++++ Data section ++++

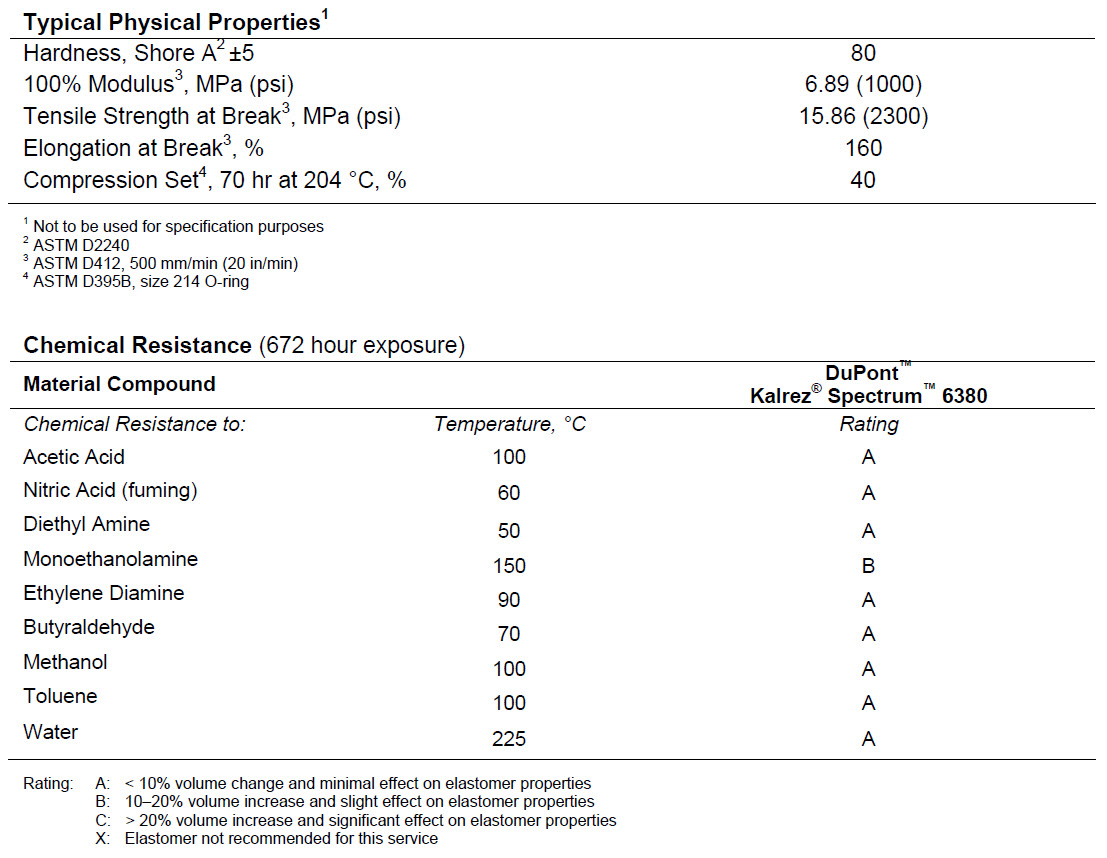 DuPont™ Kalrez® Spectrum™ 6380 perfluoroelastomers parts are a non-black product specifically developed for chemical processes involving hot, aggressive amines. In addition, it has excellent overall chemical resistance (see chart below). This cream colored product is easily identifiable when selecting an O-ring material for harsh chemical plant services. This material has excellent mechanical properties and is a top choice for both static and dynamic sealing applications. A maximum service temperature of 225 °C is suggested while short-term excursions to higher temperatures are permissible.For more information on Kalrez® Spectrum™ 6380, or to see if it might be right for your difficult sealing applications in amines and
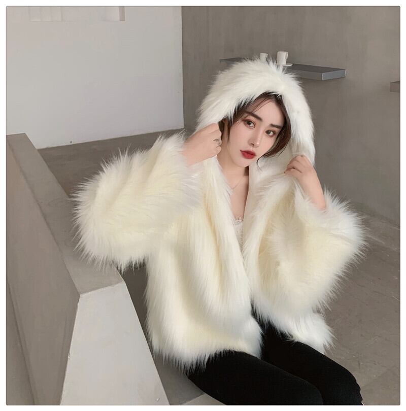 ファーフェイクフードジャケット スプリングサマースタイルルーズカーディガントップス 春物 夏物 セブンプリンセス93746524512
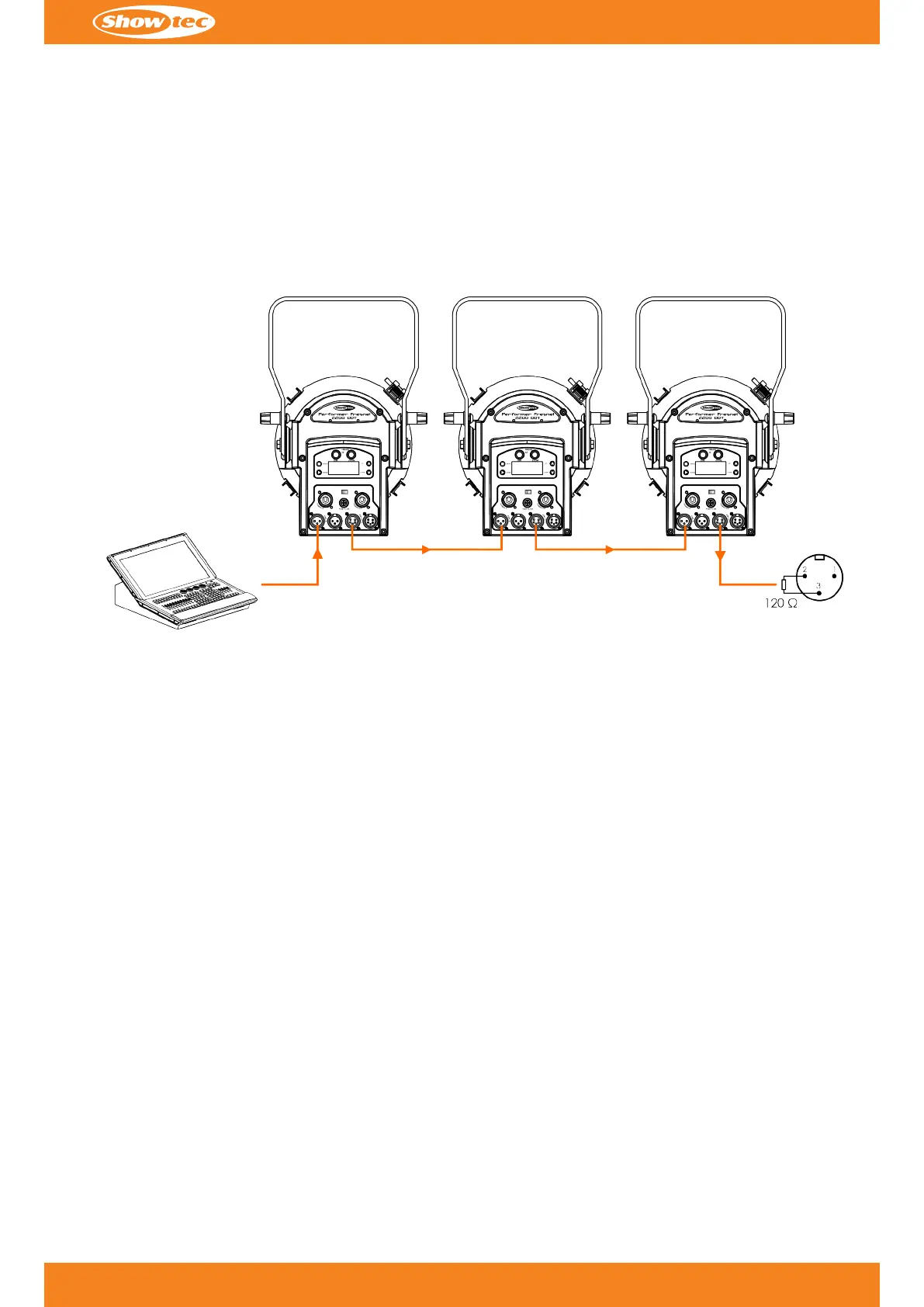 Connect a DMX terminator (120 Ω resistor) to the DMX OUT connector of the last device on the data link.

++++

What you will do >> The expected answer is the lines from the one that has "ファーフェイクフードジャケット スプリングサマースタイルルーズカーディガントップス 春物" to the end of the listing, transcribed exactly, with pictures left out and no other line added.

Completed task >>
 ファーフェイクフードジャケット スプリングサマースタイルルーズカーディガントップス 春物 夏物 セブンプリンセス93746524512
 Connect a DMX terminator (120 Ω resistor) to the DMX OUT connector of the last device on the data link.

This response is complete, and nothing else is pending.